US 12,450,871 B2
Enabling feature importance using Siamese autoencoders for effective image change detection
Satish Kumar Mopur, Bangalore (IN); Gunalan Perumal Vijayan, Bangalore (IN); Shounak Bandopadhyay, Bangalore (IN); and Krishnaprasad Lingadahalli Shastry, Bangalore (IN)
Assigned to Hewlett Packard Enterprise Development LP, Spring, TX (US)
Filed by HEWLETT PACKARD ENTERPRISE DEVELOPMENT LP, Houston, TX (US)
Filed on Mar. 29, 2022, as Appl. No. 17/707,612.
Prior Publication US 2023/0316710 A1, Oct. 5, 2023
Int. Cl. G06V 10/762 (2022.01); G06N 3/045 (2023.01); G06V 10/776 (2022.01); G06V 10/82 (2022.01)

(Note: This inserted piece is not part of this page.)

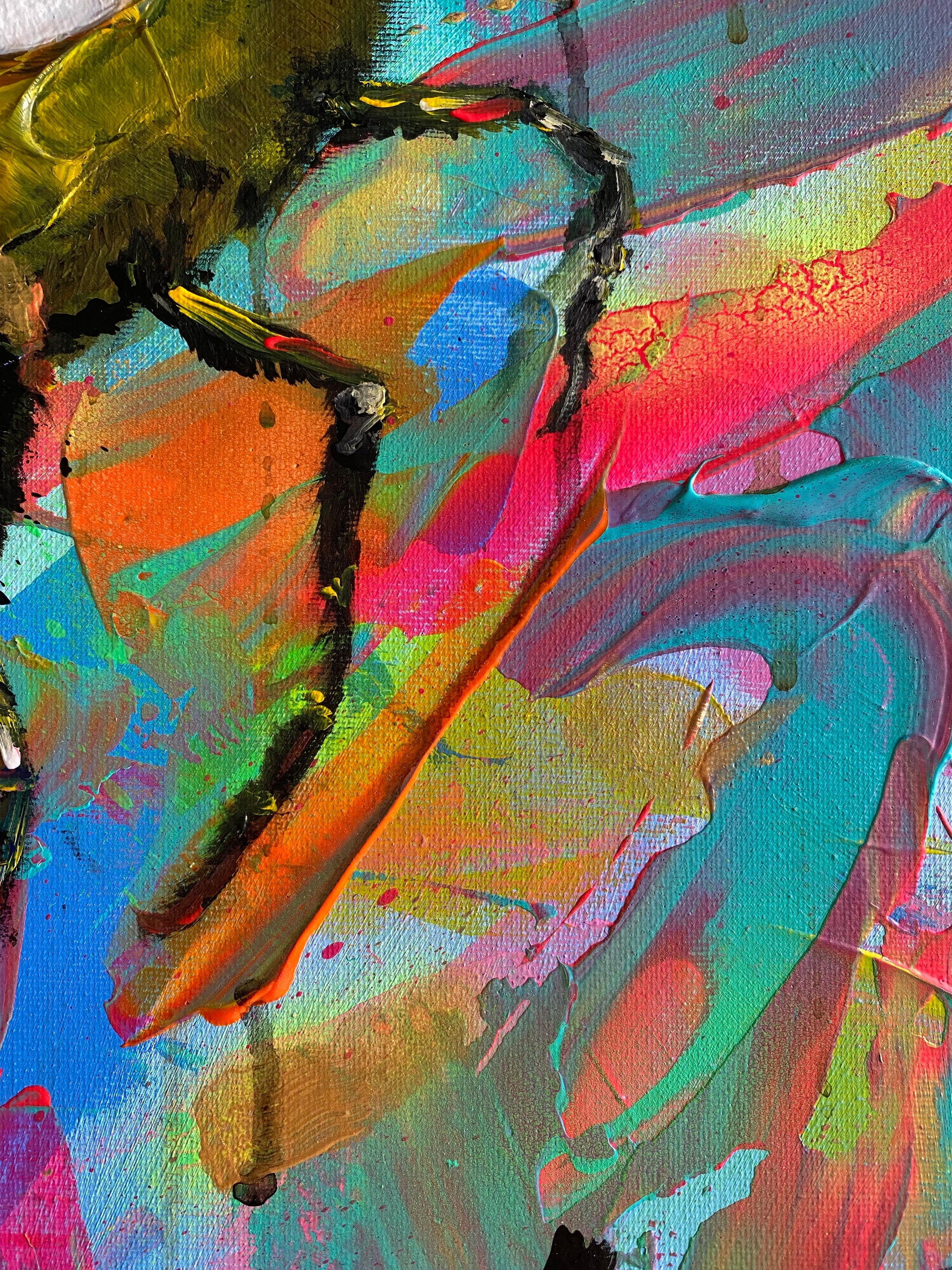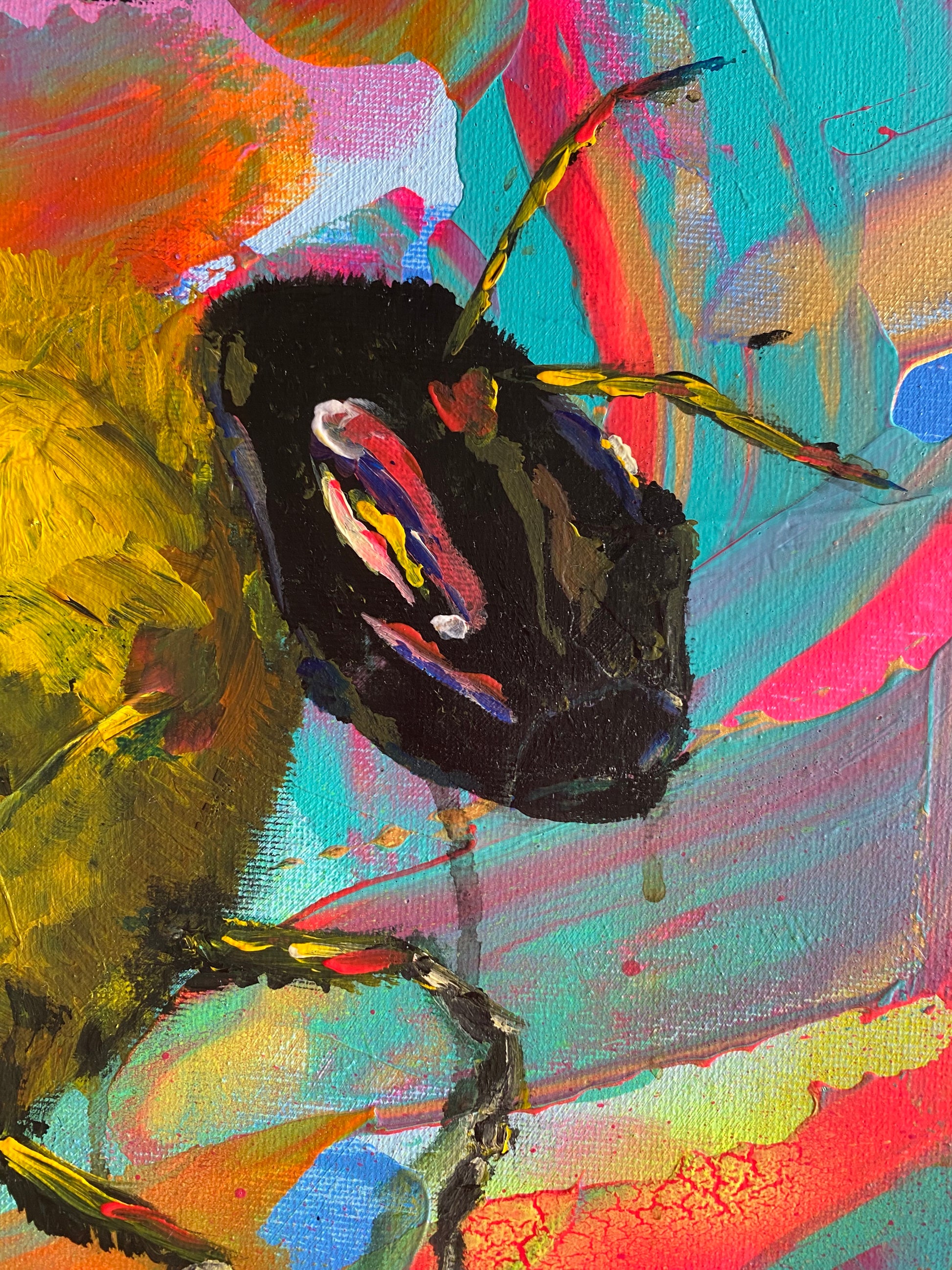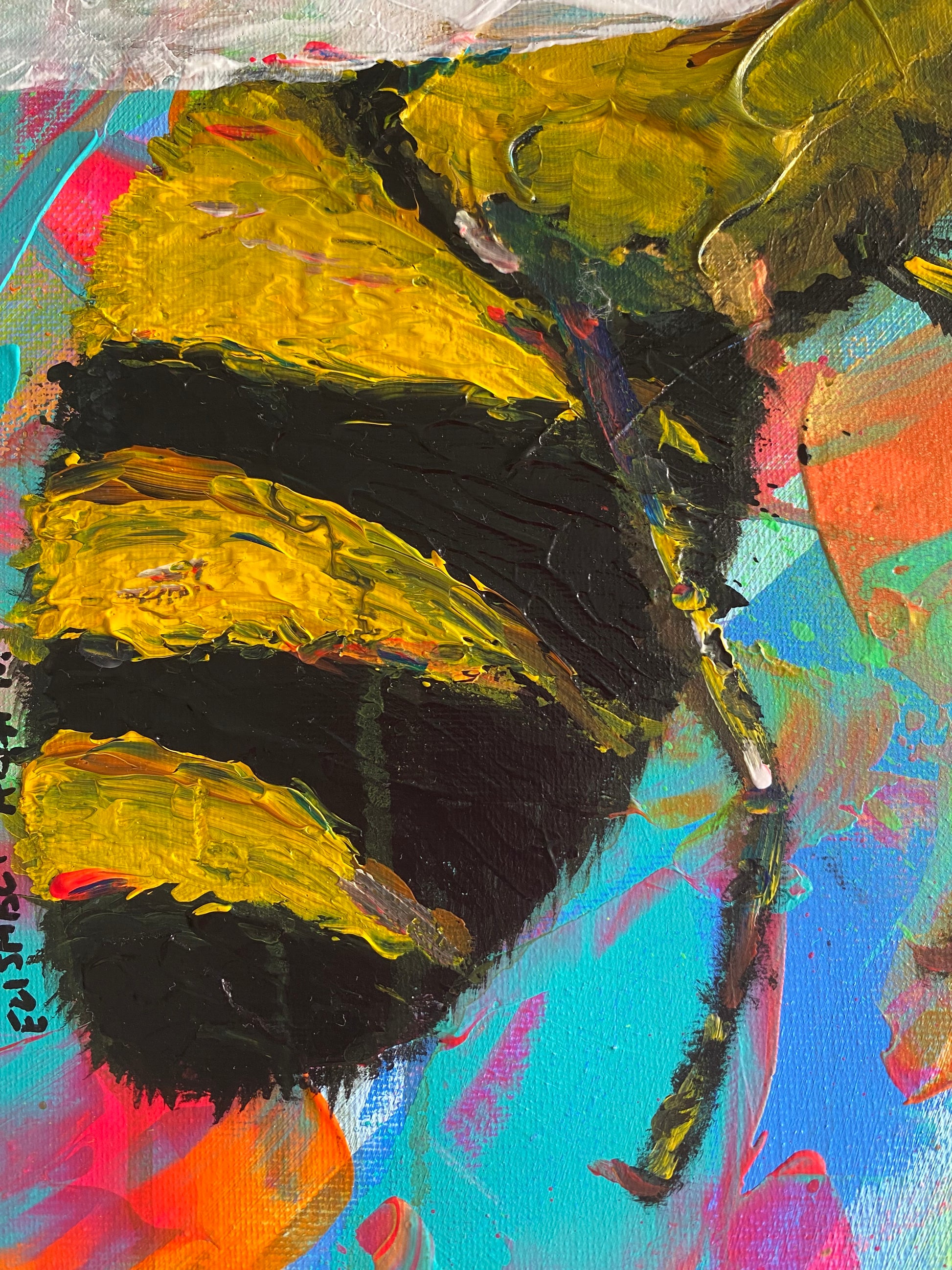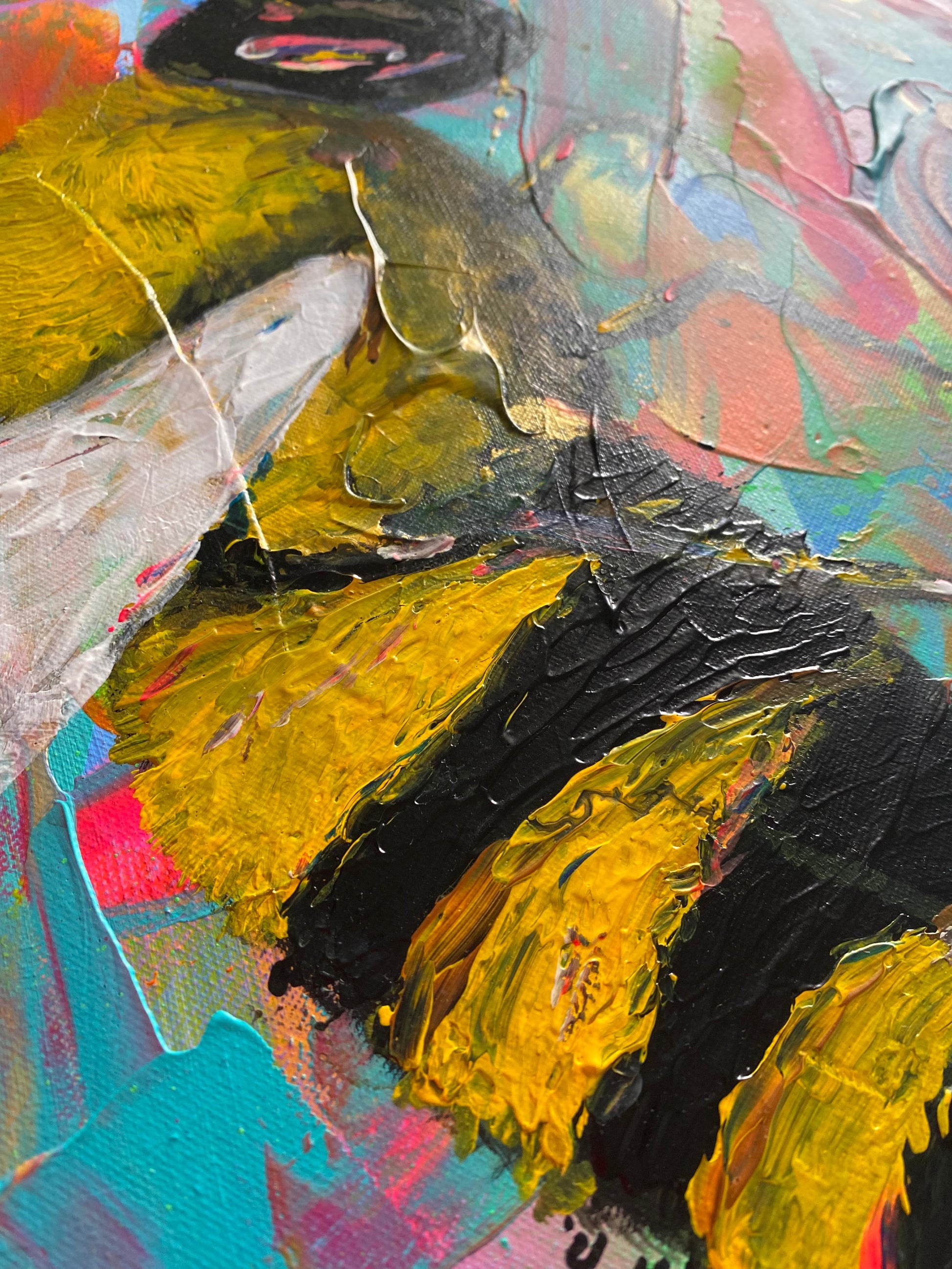 Playful, vibrant, and empowering, this mixed-media style canvas bursts with color and positivity. Against a lively backdrop of swirling neon strokes, a bold bee takes center stage—its textured wings shimmering with light, while the words “Just Bee Yourself” remind us of the beauty of authenticity. Radiating joy and confidence, this artwork is more than a painting: it’s a daily affirmation to embrace who you are and let your true colors shine.

CPC G06V 10/763 (2022.01) [G06N 3/045 (2023.01); G06V 10/776 (2022.01); G06V 10/82 (2022.01)] 20 Claims
OG exemplary drawing
 
1. A computing device comprising:
a memory; and
one or more processors that are configured to execute machine readable instructions stored in the memory for performing a method comprising:
initiating a training process of a Siamese AutoEncoder, wherein the Siamese AutoEncoder detects dissimilarities between a first pair of images, and wherein the Siamese AutoEncoder comprises two sub neural networks that are each configured to:
generate a feature vector on the first pair of images to create two feature vectors of the first pair of images, and
compare the two feature vectors to detect the dissimilarities;
during the training process:
receiving a second pair of images;
providing the second pair of images to an encoder and a decoder of the Siamese AutoEncoder to generate a decoded second pair of images;
initiating fine tuning of a first loss function and a second loss function with the decoded second pair of images, wherein the first loss function is an adaptive margin loss function that includes an upper margin value and a lower margin value and the second loss function is a contrastive loss function that uses the decoded second pair of images that are dissimilar within a margin value;
determining a similarity value associated with the decoded second pair of images using the first loss function and the second loss function; and
generating an output of image features based on the similarity value.